In python, how would I check if a url ending in .jpg exists?
ex: http://www.fakedomain.com/fakeImage.jpg
thanks
In python, how would I check if a url ending in .jpg exists?
ex: http://www.fakedomain.com/fakeImage.jpg
thanks
>>> import httplib
>>>
>>> def exists(site, path):
... conn = httplib.HTTPConnection(site)
... conn.request('HEAD', path)
... response = conn.getresponse()
... conn.close()
... return response.status == 200
...
>>> exists('http://www.fakedomain.com', '/fakeImage.jpg')
False
If the status is anything other than a 200, the resource doesn't exist at the URL. This doesn't mean that it's gone altogether. If the server returns a 301 or 302, this means that the resource still exists, but at a different URL. To alter the function to handle this case, the status check line just needs to be changed to return response.status in (200, 301, 302)
.
The code below is equivalent to tikiboy's answer, but using a high-level and easy-to-use requests library.
import requests
def exists(path):
r = requests.head(path)
return r.status_code == requests.codes.ok
print exists('http://www.fakedomain.com/fakeImage.jpg')
The requests.codes.ok
equals 200
, so you can substitute the exact status code if you wish.
requests.head
may throw an exception if server doesn't respond, so you might want to add a try-except construct.
Also if you want to include codes 301
and 302
, consider code 303
too, especially if you dereference URIs that denote resources in Linked Data.
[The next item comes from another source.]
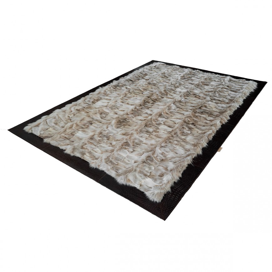 Γούνινο Χαλί Sevron Fox Άσπρο Μπεζ με Δέρμα Κροκό k-1124

A URI may represent a person, but you can't download a person, so the server will redirect you to a page that describes this person using 303 redirect.
thanks for all the responses everyone, ended up using the following:
try:
f = urllib2.urlopen(urllib2.Request(url))
deadLinkFound = False
except:
deadLinkFound = True
Looks like http://www.fakedomain.com/fakeImage.jpg
automatically redirected to http://www.fakedomain.com/index.html
without any error.
Redirecting for 301 and 302 responses are automatically done without giving any response back to user.
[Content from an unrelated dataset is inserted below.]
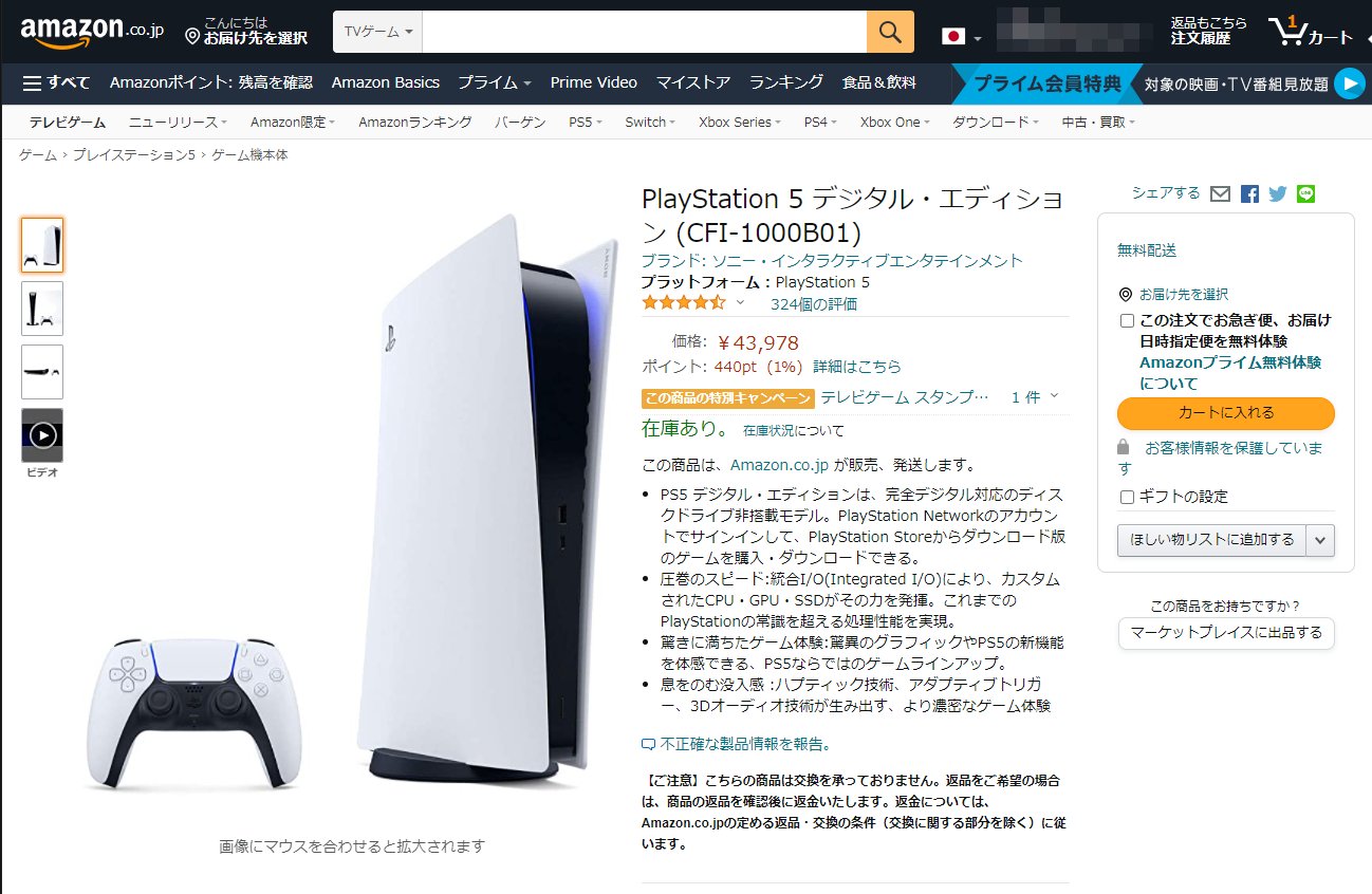 PS5、Amazonにて4月9日9時30分ごろより再販開始!

Please take a look HTTPRedirectHandler, you might need to subclass it to handle that.
Here is the one sample from Dive Into Python:
http://diveintopython3.ep.io/http-web-services.html#redirects
There are problems with the previous answers when the file is in ftp server (ftp://url.com/file), the following code works when the file is in ftp, http or https:
import urllib2
def file_exists(url):
request = urllib2.Request(url)
request.get_method = lambda : 'HEAD'
try:
response = urllib2.urlopen(request)
return True
except:
return False
Try it with mechanize:
import mechanize
br = mechanize.Browser()
br.set_handle_redirect(False)
try:
br.open_novisit('http://www.fakedomain.com/fakeImage.jpg')
print 'OK'
except:
print 'KO'
I think you can try send a http request to the url and read the response.If no exception was caught,it probably exists.
I don't know why you are doing this, but in any case: it should be noted that just because a request to an "image" succeeds, doesn't mean it is what you think it is (it could redirect to anything, or return any data of any type, and potentially cause problems depending on what you do with the response).
Sorry, I went on a binge reading about online exploits and how to defend against them today :P
This might be good enough to see if a url to a file exists.
import urllib
if urllib.urlopen('http://www.fakedomain.com/fakeImage.jpg').code == 200:
print 'File exists'
in Python 3.6.5:
import http.client
def exists(site, path):
connection = http.client.HTTPConnection(site)
connection.request('HEAD', path)
response = connection.getresponse()
connection.close()
return response.status == 200
exists("www.fakedomain.com", "/fakeImage.jpg")
In Python 3, the module httplib
has been renamed to http.client
And you need remove the http://
and https://
from your URL, because the httplib
is considering :
as a port number and the port number must be numeric.